**Task statement:** Copy out the lines beginning with the one that contains "亢若然 摄/2005班 武梦倩)" and ending with the last line below, exactly as they stand. Pictures are not copied.

___ Given material

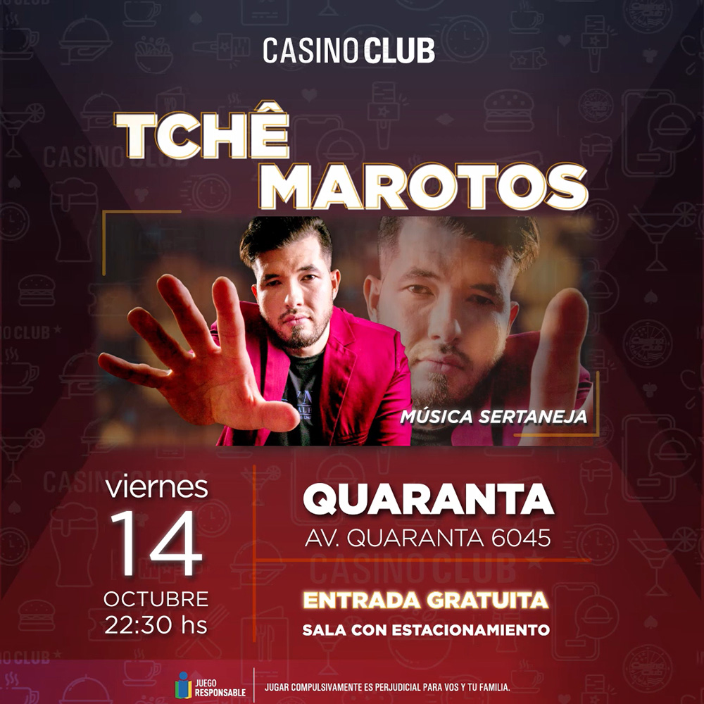 Casino Club Quaranta – Viernes 14 desde las 22.30 – Tchê Marotos
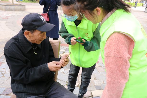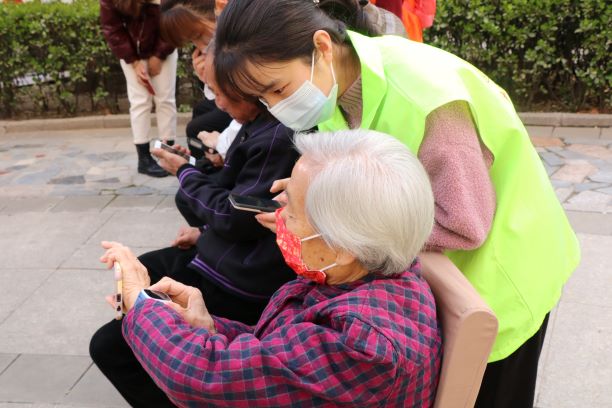 活动中,志愿者帮助社区老年人学习使用手机支付、微信视频通话、语音聊天等常用智能手机实用技能。志愿者们耐心地教社区里的爷爷奶奶一步步进行手机操作,还时不时的进行一对一解答,直至老人们可以熟练使用智能手机的实用技能。社区的老年人也非常喜欢这些朝气活泼又有爱心和耐心的年轻人,活动现场呈现出一片欢乐和温馨的氛围。(文/2003班 亢若然 摄/2005班 武梦倩)
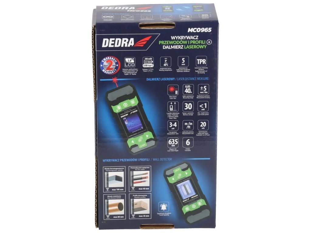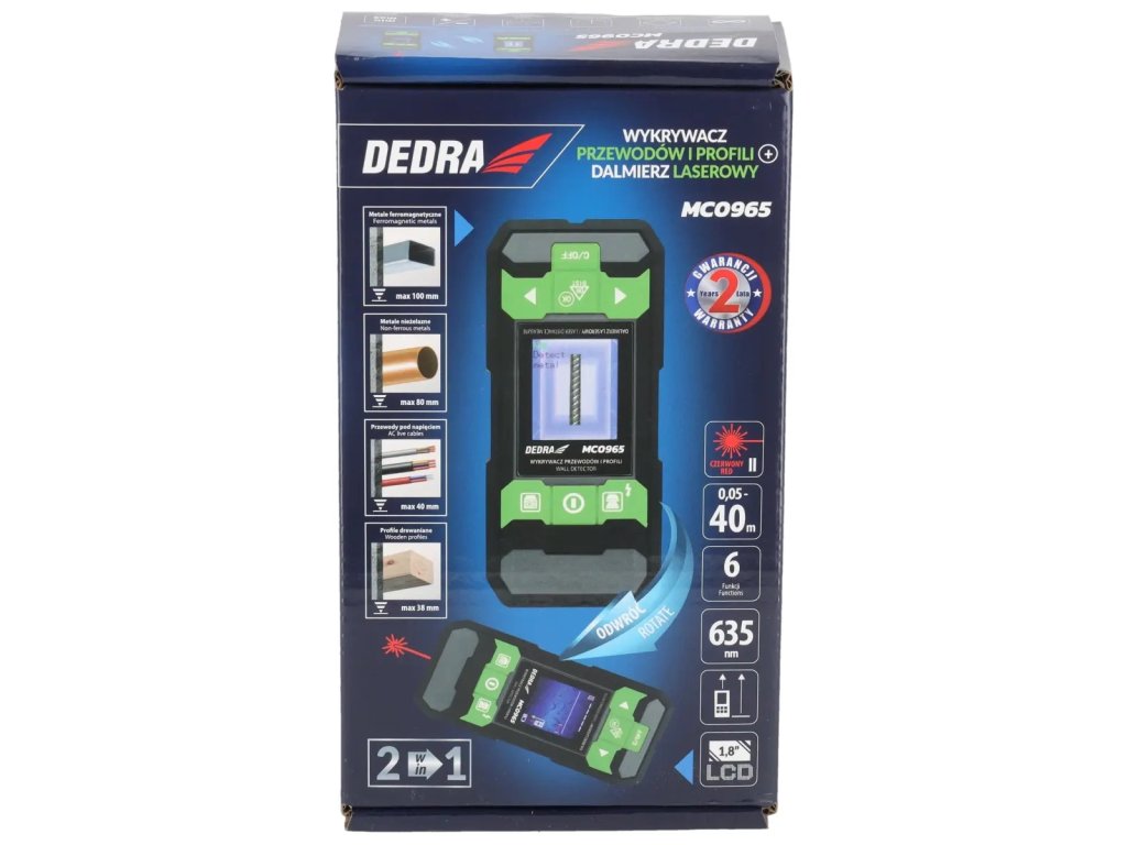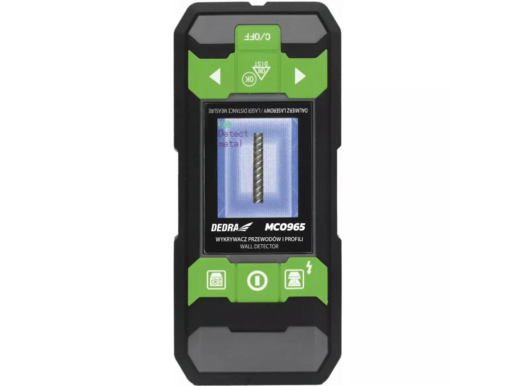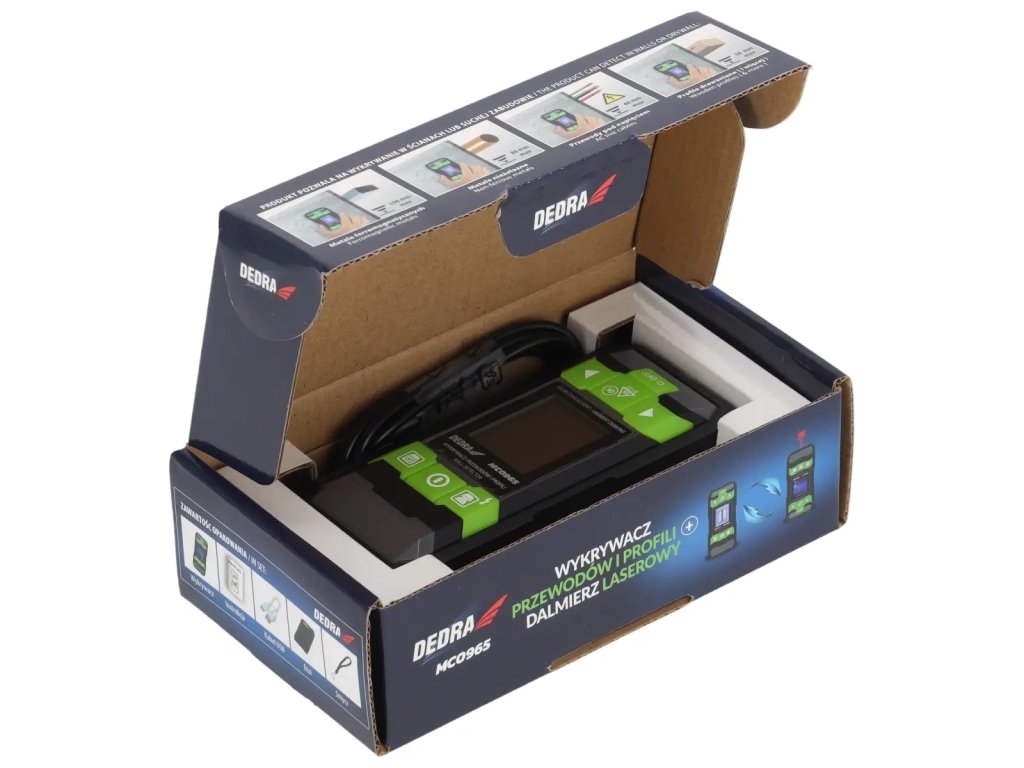 Detektor žica i kabela DEDRA MC0965 omogućuje detekciju metalnih dijelova i žica, električnih kabela bez i pod izmjeničnim naponom te drveta, kao i drugih predmeta, poput željeza, betona, stakla, aluminijuma itd. Pomaže to dovršiti tehničku dokumentaciju zgrada. Osim toga, detektor je opremljen funkcijom mjerača udaljenosti s radnim rasponom 0,05-40 m, što je velika prednost jer umjesto dva uređaja imamo jedan.

______

**Answer to this problem:**
 活动中,志愿者帮助社区老年人学习使用手机支付、微信视频通话、语音聊天等常用智能手机实用技能。志愿者们耐心地教社区里的爷爷奶奶一步步进行手机操作,还时不时的进行一对一解答,直至老人们可以熟练使用智能手机的实用技能。社区的老年人也非常喜欢这些朝气活泼又有爱心和耐心的年轻人,活动现场呈现出一片欢乐和温馨的氛围。(文/2003班 亢若然 摄/2005班 武梦倩)
 Detektor žica i kabela DEDRA MC0965 omogućuje detekciju metalnih dijelova i žica, električnih kabela bez i pod izmjeničnim naponom te drveta, kao i drugih predmeta, poput željeza, betona, stakla, aluminijuma itd. Pomaže to dovršiti tehničku dokumentaciju zgrada. Osim toga, detektor je opremljen funkcijom mjerača udaljenosti s radnim rasponom 0,05-40 m, što je velika prednost jer umjesto dva uređaja imamo jedan.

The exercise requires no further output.